[Home](index.md) · [Setup & Connect](setup-and-connect.md) · [Queries](queries.md) · [Prepared Statements](prepared-statements.md) · [Import/Export](import-export.md) · [Types](type-mapping.md) · [Driver Manager](driver-manager.md)
---
# Import / Export
High-performance bulk data transfer via HTTP transport. Supports streaming for large datasets.
## Which import path should I use?
The right path depends on your data source and how much schema control you need:
| Situation | Recommended path |
|-----------|-----------------|
| You already know your target schema and table structure | Connection methods + explicit DDL: create the table yourself, then call `connection.import_csv_from_files()` or `connection.import_parquet_from_files()` |
| You want the table created from file metadata | Parquet/CSV auto-create: pass `ParquetImportOptions::default().with_create_table_if_not_exists(true)` — the driver reads Parquet metadata and issues `CREATE TABLE` before importing |
| You already have Arrow `RecordBatch`es in memory | Arrow import via the connection method `connection.import_from_record_batch()` or the ADBC `Statement` API |
| You are calling from Python, Polars, or another language | The driver-manager path — see [Driver Manager](driver-manager.md) |
Use the connection convenience methods (`connection.import_*` and `connection.export_*`) as the default choice.
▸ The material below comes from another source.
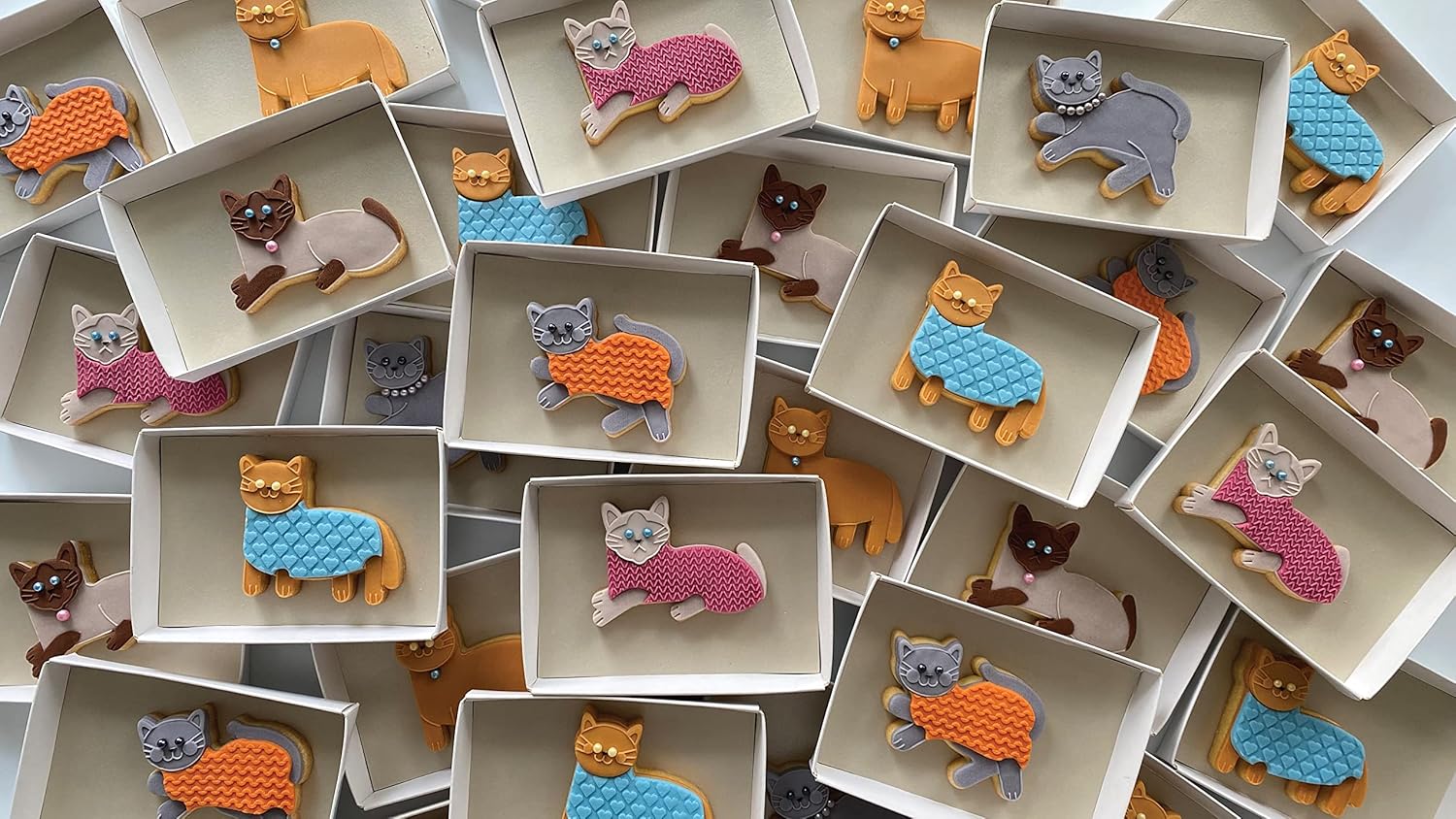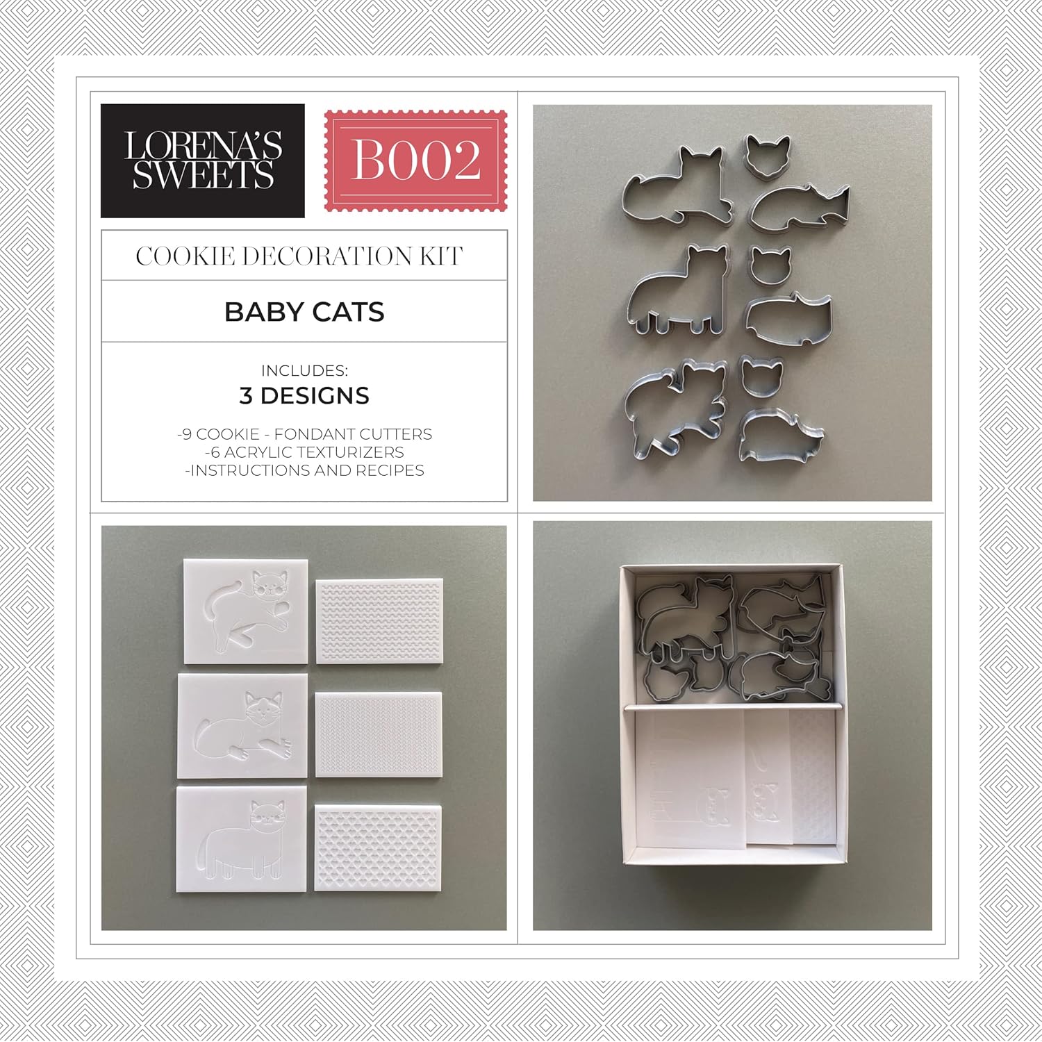 BABY CATS Cookie Decoration Kit by Lorena’s Sweets. This product is designed to enable you to produce professional looking cookies. This kit includes: 3 Original cookie designs. 9 Cookie cutters for cutting shapes out of cookie dough or fondant. 6 Acrylic texturizers for stamping fondant. General recipes and instructions. Size of the cookie cutters: 2.7 x 2.4 inches , 2.6 x 2.4 inches , 2.6 x 2.1 inches , 2.6 x 1.3 inches , 2.2 x 1.3 inches , 2.2 x 1.2 inches , 1.2 x 1.1 inches , 1.1 x 0.9 inches , 1.0 x 0.9 inches
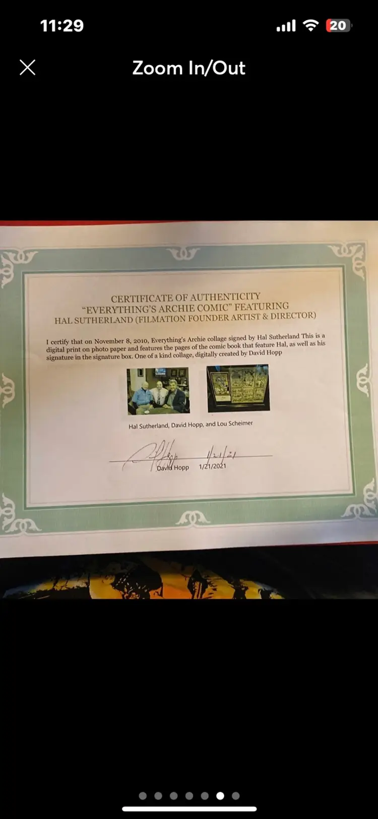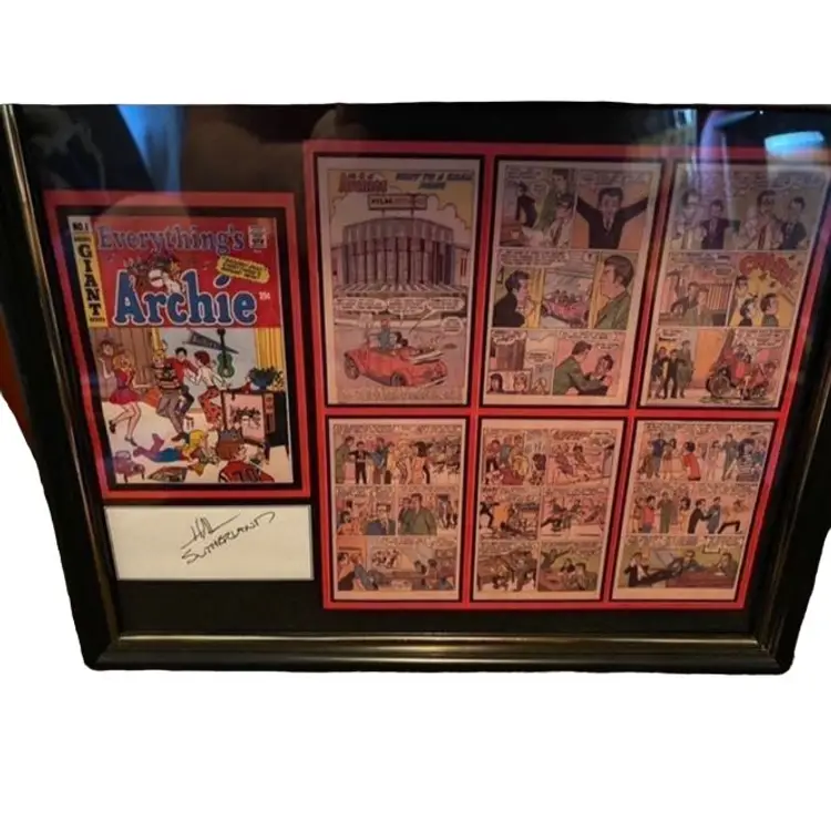 I had the privilege of working in the retirement home where Hal Sutherland lived before his passing. This is a digital print on regular paper. Collage made by me and signed by Hal This listing is for the framed autographed print. I have created a COA as this was obtained by me( in the pink shirt with the picture of a Lou Scheimer and Hal) in person at Hal’s residence. You can compare the signatures to any other out there and see these are legit. I also had them sign a now and then picture. (Those other pics in the listing are just to show you that I’m legit.) happy to answer any questions. Item is framed In a black frame. You will only receive the framed archie print and coa, other photos and business cards not included.

They automatically propagate the connection's host and port into the HTTP transport, so you only need to set format-specific options. They also use whatever control transport you configured (native TCP by default, which gives the best throughput; WebSocket if you set `?transport=websocket` for proxy or compatibility reasons). Lower-level free functions and direct `HttpTransportClient` usage are available for advanced cases where you need full control over transport parameters, but they require you to supply host/port manually and are not the recommended starting point.
## Control Connection TLS vs HTTP Transport TLS
Exasol import and export use **two independent TLS layers**. Enabling TLS on the main control connection (native TCP or WebSocket) does **not** automatically enable TLS on the HTTP transport tunnel used for bulk data transfer. Each layer must be configured separately.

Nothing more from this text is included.